Vitriol and insults are not attributes of good leadership

 Nakuru residents protest against leaders accused of perpetuating hate speech.

Photo credit: File | Nation Media Group

What you need to know:

  • Words can bring discord, cruelty, discrimination and even death.

Debate entails calmness, reason and logical argument. When an interlocutor resorts to insults against a real or imagined opponent, then this is a leader not worth listening to.   

When leaders speak, their words carry heavy implications. Through their rhetoric, leaders can bring hope to the people. Words can bring unity and promote healing.

Similarly, words can bring discord, cruelty, discrimination and even death. This is why recent utterances by some politicians have jolted the country into a debate about the limits of freedom of speech and how leaders should conduct themselves in public. Kenya is no stranger to the dangers of inflammatory rhetoric.

To stop this appetite for unsavoury language and conduct, the country in 2008 passed the National Cohesion and Integration Act that spawned the National Cohesion and Integration Commission.

Yet political leaders continue to prop their careers on labels, derogatory, demeaning and divisive language.

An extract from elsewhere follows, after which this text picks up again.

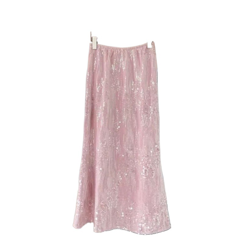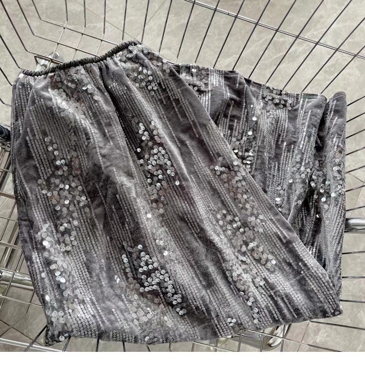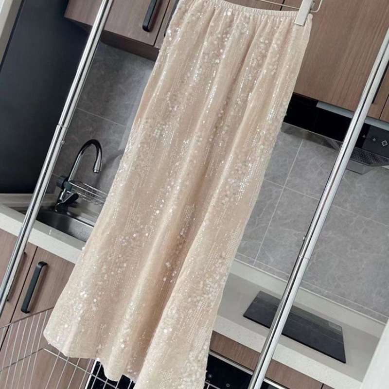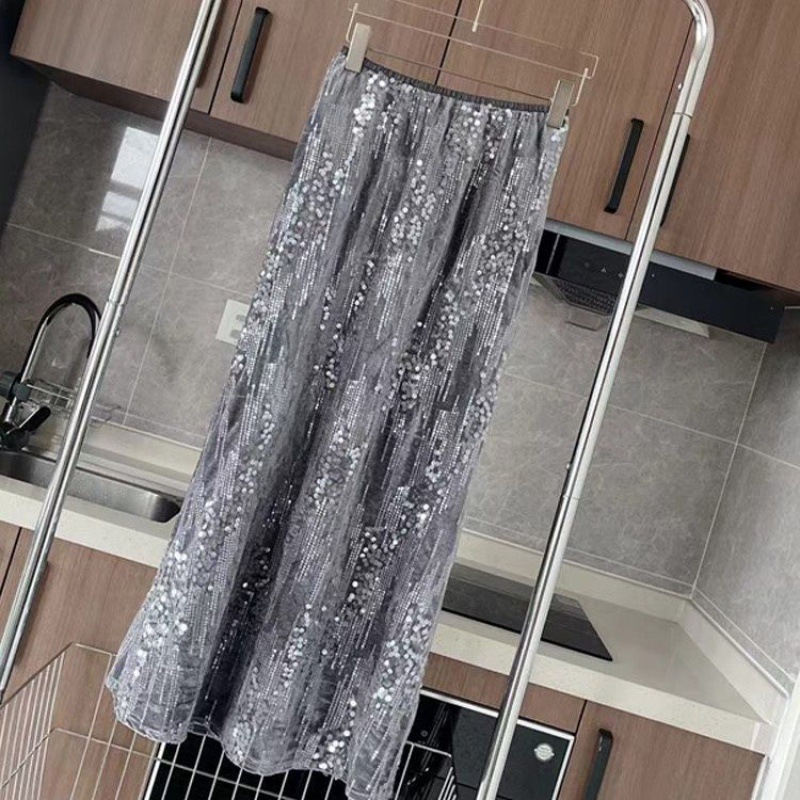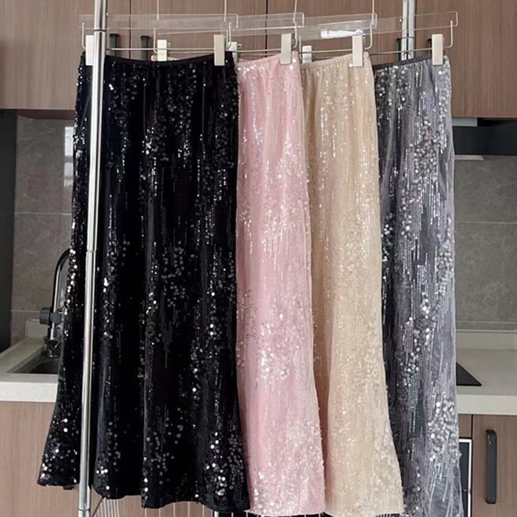 Юбка с блестками, черная мода, тяжелая работа, новая новая модель средней и длинной, покрытая мясом, тонкая рыбья хвост

Hate speech has been a key ingredient in political mobilisation; executed on the undying faith in the gullibility of the Kenyan public. When some leaders engage in unpatriotic acts, they cleverly tie their ill feelings to tribal plights.

Personal challenges, including wide ranging illegalities, are twisted to portray a community being hunted down by amorphous forces.

The Kenyan Constitution guarantees the freedom of speech and political pluralism. Opinions are many and ideas on how to move the nation forward are divergent.

However, such diversity can be expressed in ways that protects and consolidates national unity and wellness. There are enough words in any language that can facilitate expression of disagreement without resorting to name-calling and ethnic balkanisation.

As the renowned American linguist and political scientist Noam Chomsky opines, words are the currency of power. Leaders can use words to appeal to our sense of reason; and through persuasion, win the hearts and minds of the electorate.

Similarly, words can stir the animus in all of us, to catastrophic ends. Kenyans should, therefore, consistently and overtly shun the few leaders who resort to fear mongering, anxiety and division as a way of getting back at perceived political enemies.

Those entrusted with public office should at all times reflect on the infallibility of the oaths they take to serve the people. As someone aptly remarked, there is no good war, just like there is no bad peace.

Kenyans deserve and badly crave a unifying force, a voice of reason, and development conscious leader. That is why they cast their ballot, in the hope that their vote eventually counts.

The responsible agencies should proactively play their role in cutting the value chain of national denigration at the altar of politics. The country should not risk going into another electioneering period where abuse, stigmatisation and victimisation of opponents is the norm rather than an exception.